Metronidazole phosphate is a water-soluble prodrug of metronidazole.

Menoctone is a potent liver-stage antimalarial with corresponding erythrocytic stage efficacy. This drug is an effective treatment against Theileria parva, a parasitic protozoan that causes East Coast fever in cattle. Menoctone most likely targets the mitochondrial respiration chain of Plasmodium.

Clioxanide is a derivative of diiodobenzanilide, developed by Parke, Davis & Co in the 1960s. It was used as an antihelmintic against Fasciola hepatica and Haemonchus contortus. In sheep, the compound was demonstrated high efficiency (greater than 90%) when administered at 20-40 mg/kg. Later it was found that clioxanide is an inhibitor of Type III Secretion in Yersinia bacteria.

Parbendazole is a potent inhibitor of microtubule assembly that was studied as an anthelmintic agent. Information about the current use of this drug is not available.

Dimetridazole is an anti-fungal and anti-protozoal drug traditionally used in veterinary for the prevention and treatment of histomoniasis in turkeys, genital trichomoniasis in cattle and hemorrhagic enteritis in pigs. Results from the in vitro and in vivo tests suggested, that dimetridazole was not genotoxic compound, but its use is legally limited, although this compound is still can be found in eggs.

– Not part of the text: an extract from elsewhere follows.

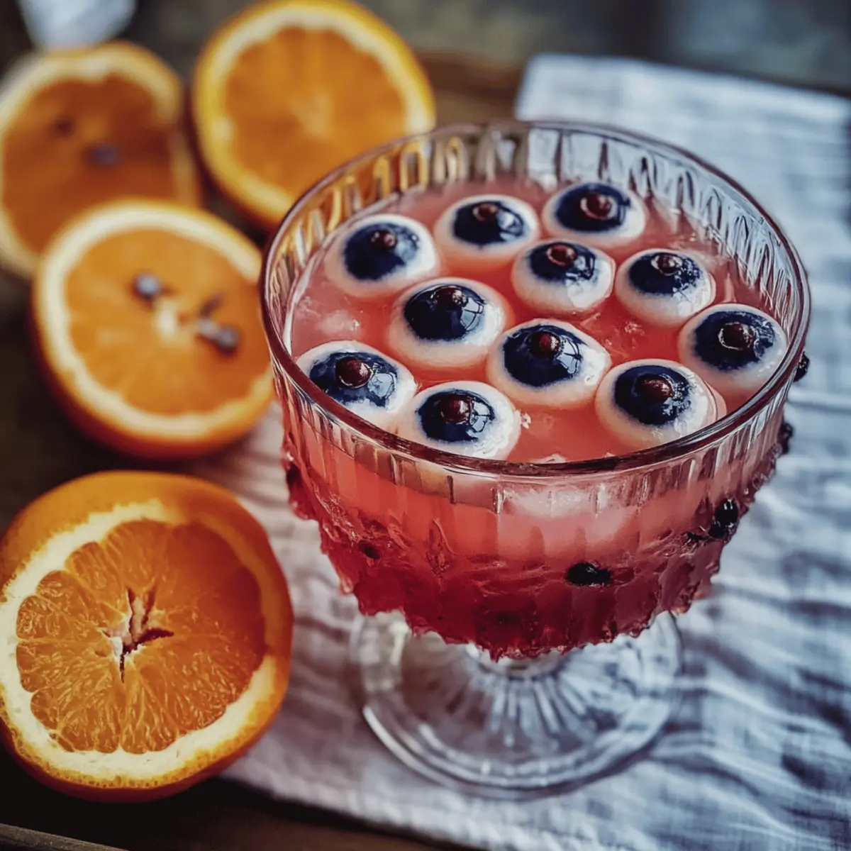 Die Halloween Bowle mit toten Augen ist ideal für stressfreies Vorbereiten! Du kannst die Fruchtbasis, bestehend aus Orangensaft, Campari und den geschnittenen Bio-Orangen und -Zitronen, bis zu 24 Stunden im Voraus mixen und im Kühlschrank kühlen, damit sich die Aromen gut entfalten. Die spooky „Augen“ aus Litschi und Heidelbeeren lassen sich ebenfalls bereits am Vortag zubereiten; einfach die Heidelbeeren in die Litschis stecken und im Kühlschrank aufbewahren, um die Frische zu erhalten. Am Tag der Feier musst du nur noch den Muskateller Frizzante sanft unterheben und die „Augen“ hinzufügen – so hast du im Handumdrehen ein bewundertes Getränk, das hervorragend schmeckt und deine Gäste begeistert!

Halofantrine is a blood schizonticidal antimalarial agent with no apparent action on the sporozoite, gametocyte or hepatic stages of the infection. It is used only to treat but not to prevent malaria. Has been marketed by GlaxoSmithKline as HALFAN (halofantrine hydrochloride) in 250 mg tablets indicated for the treatment of adults who can tolerate oral medication and who have mild to moderate malaria (equal to or less than 100,000 parasites/mm3) caused by Plasmodium falciparum or Plasmodium vivax. Among side effects is cardiac arrhythmia. It belongs to the phenanthrene class of compounds that includes quinine and lumefantrine. It was reported that halofantrine binds to hematin in vitro (crystal structure of the complex) and to to plasmpesin, a haemoglobin degrading enzyme unique to the malarial parasites.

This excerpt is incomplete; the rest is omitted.